L-6.2: Collision Resolution Techniques in Hashing | What are the collision resolution techniques?

Gate Smashers

5 chapters5 takeaways12 key terms5 questions

Overview

This video explains collision resolution techniques in hashing, a crucial concept for efficient data storage and retrieval. It begins by defining what a hash collision is using an example and then introduces two primary methods for handling them: chaining (open hashing) and closed hashing (open addressing). Chaining involves creating linked lists to store multiple keys that hash to the same index. Closed hashing, on the other hand, probes for the next available slot within the hash table itself. The video briefly touches upon three common closed hashing strategies: linear probing, quadratic probing, and double hashing, providing a foundational understanding of how to manage and resolve collisions in hash tables.

How was this?

Save this permanently with flashcards, quizzes, and AI chat

Chapters

Hashing maps keys to indices in a hash table using a hash function (e.g., K mod N).
A collision occurs when two different keys are mapped to the same index in the hash table.
Example: In a K mod 6 table (indices 0-5), keys 32 and 44 both hash to index 2, causing a collision.

Collisions are inevitable in hashing and must be handled to ensure data can be stored and retrieved correctly without overwriting existing information.

When keys 32 and 44 are hashed using `K mod 6`, both result in an index of 2. Since index 2 can only hold one value directly, a collision occurs.

Chaining, also known as open hashing, resolves collisions by creating an external data structure, typically a linked list, at each hash table index.
When a collision occurs, the new key is added to the linked list at that index.
This method utilizes additional memory (for the linked lists) but keeps the primary hash table slots available.

Chaining is a straightforward method that allows multiple elements to occupy the same hash index, preventing data loss and maintaining the integrity of the hash table.

If key 44 hashes to index 2, but index 2 is already occupied by key 32, key 44 is added to a linked list associated with index 2.

Closed hashing, or open addressing, resolves collisions by finding an alternative empty slot within the hash table itself.
It aims to utilize the existing table space efficiently before resorting to external structures.
Three common techniques are linear probing, quadratic probing, and double hashing.

Closed hashing keeps all data within the primary hash table, potentially leading to better cache performance and simpler memory management compared to chaining.

Instead of using a linked list, if index 2 is full, closed hashing will look for the next available slot (e.g., index 3, then 4, etc.) to store the colliding key.

Linear probing checks the next sequential slot (index + 1, index + 2, ...) until an empty slot is found.
Quadratic probing uses a quadratic function (index + i^2) to find the next slot, helping to reduce primary clustering.
Both methods involve probing the table based on a calculated sequence when a collision occurs.

These probing techniques offer different strategies for searching for an open slot, impacting performance and the distribution of elements within the table.

For quadratic probing, if key 30 hashes to index 0 (30 mod 6 = 0) and index 0 is full, the next probes would be at (0 + 1^2) mod 6 = 1, then (0 + 2^2) mod 6 = 4, and so on, until an empty slot is found.

Double hashing employs a second hash function to determine the step size for probing when a collision occurs.
This technique uses the result of the second hash function to jump to different slots, further reducing clustering.
It aims to provide a more effective distribution of keys compared to linear or quadratic probing.

By using a second hash function, double hashing creates a more dynamic probing sequence, which can significantly improve performance and reduce the likelihood of long probe sequences.

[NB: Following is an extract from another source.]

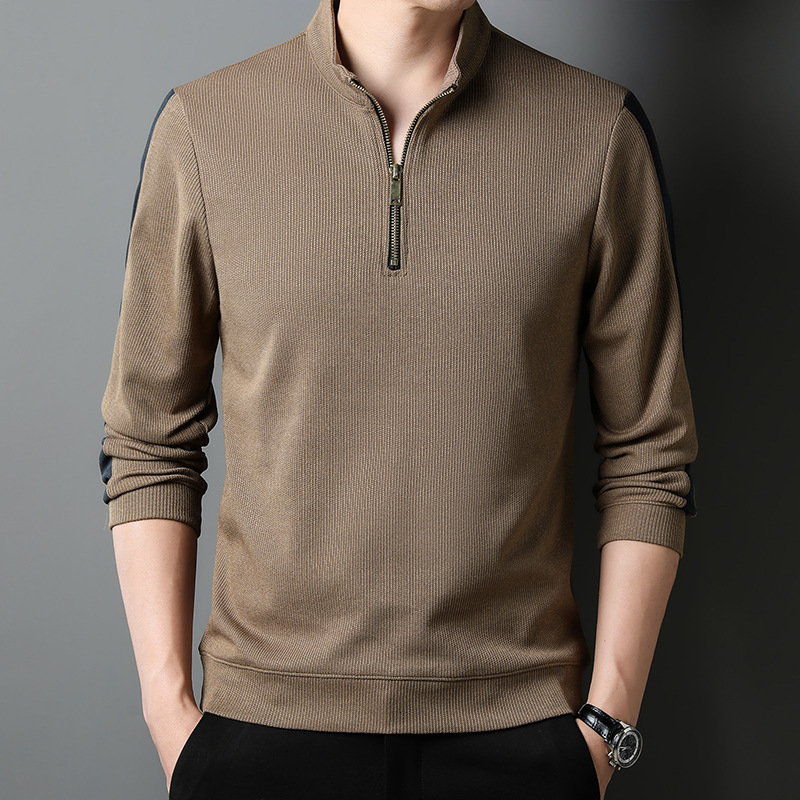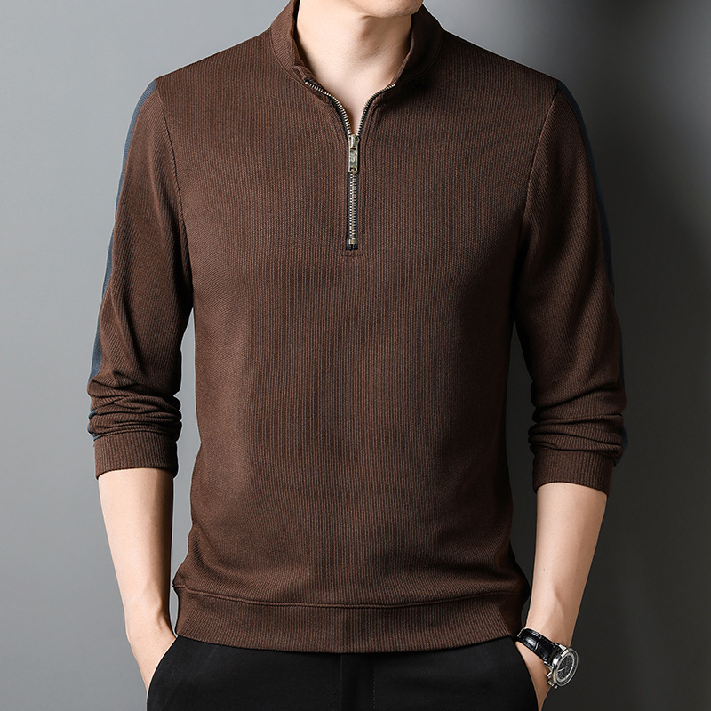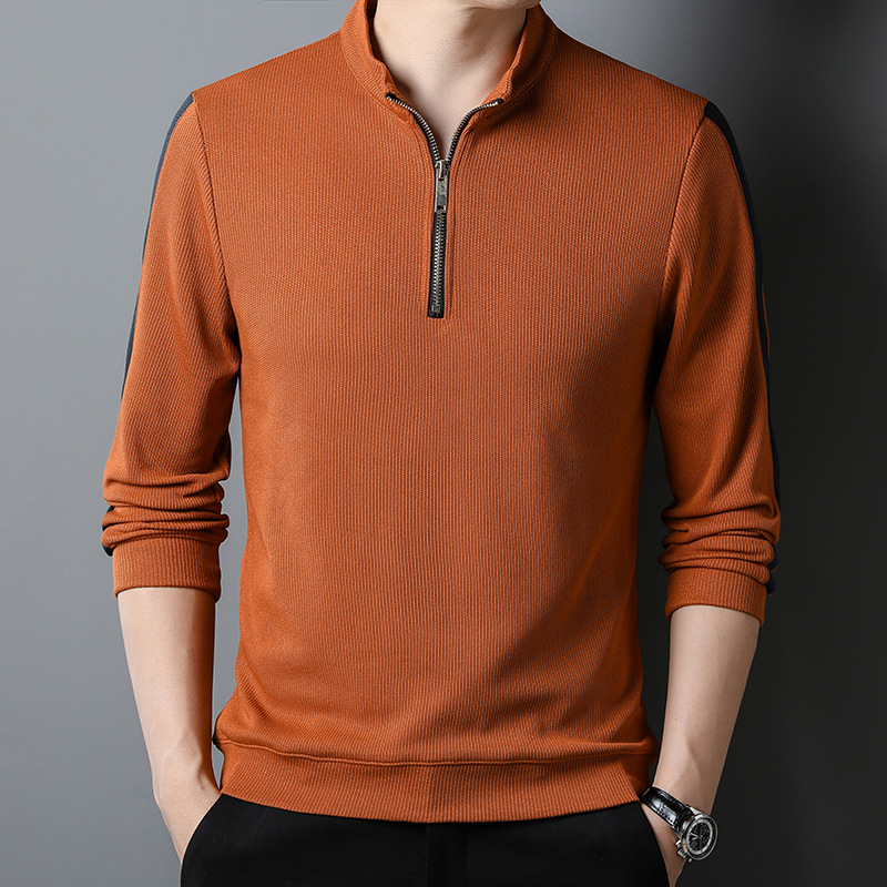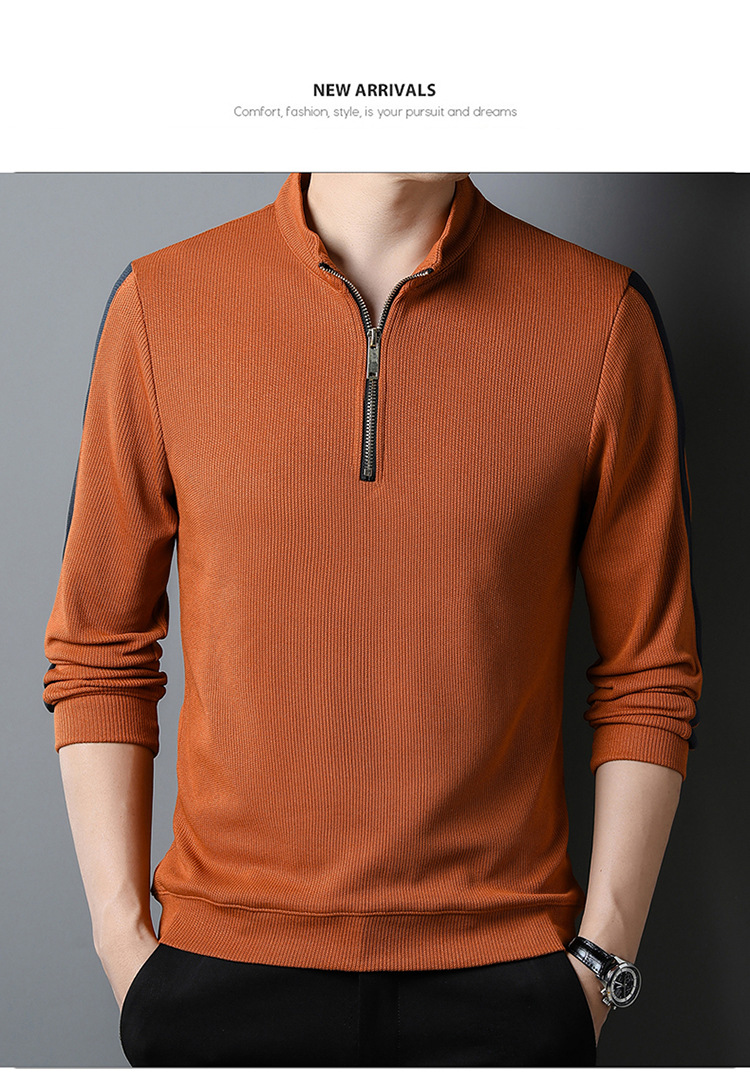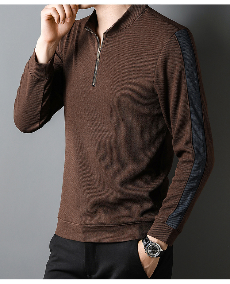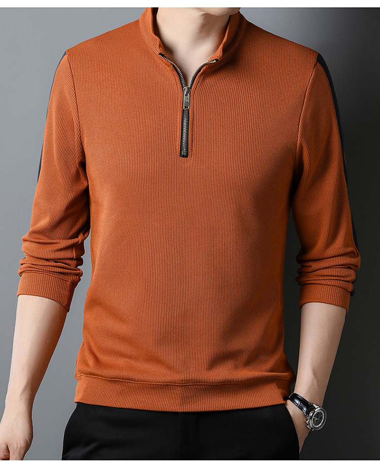 남성용 긴팔 티셔츠 얇은 봄과 가을 칼라베이스 셔츠 폴로 셔츠 반 지퍼 스웨터 남성용 유행 탑 옷

If a collision occurs, instead of adding 1 or i^2, the step size for probing is determined by a separate hash function applied to the key, leading to a more varied search path.

Key takeaways

1Collisions are a fundamental challenge in hashing that require specific resolution strategies.
2Chaining (open hashing) resolves collisions by using external linked lists, while closed hashing (open addressing) finds alternative slots within the table.
3Linear probing is simple but can lead to clustering; quadratic probing and double hashing offer more sophisticated ways to find open slots.
4The choice of collision resolution technique impacts the efficiency (time complexity) and memory usage of a hash table.
5Understanding these techniques is vital for designing and analyzing data structures used in databases, caches, and symbol tables.

Key terms

HashingHash FunctionCollisionCollision ResolutionChainingOpen HashingClosed HashingOpen AddressingLinear ProbingQuadratic ProbingDouble HashingProbe Number

Test your understanding

1What is a hash collision and why does it occur?
2How does chaining resolve collisions differently from closed hashing?
3What is the primary advantage of using chaining over closed hashing?
4Explain the difference between linear probing and quadratic probing in terms of how they find an alternative slot.
5Why is double hashing considered an improvement over linear or quadratic probing?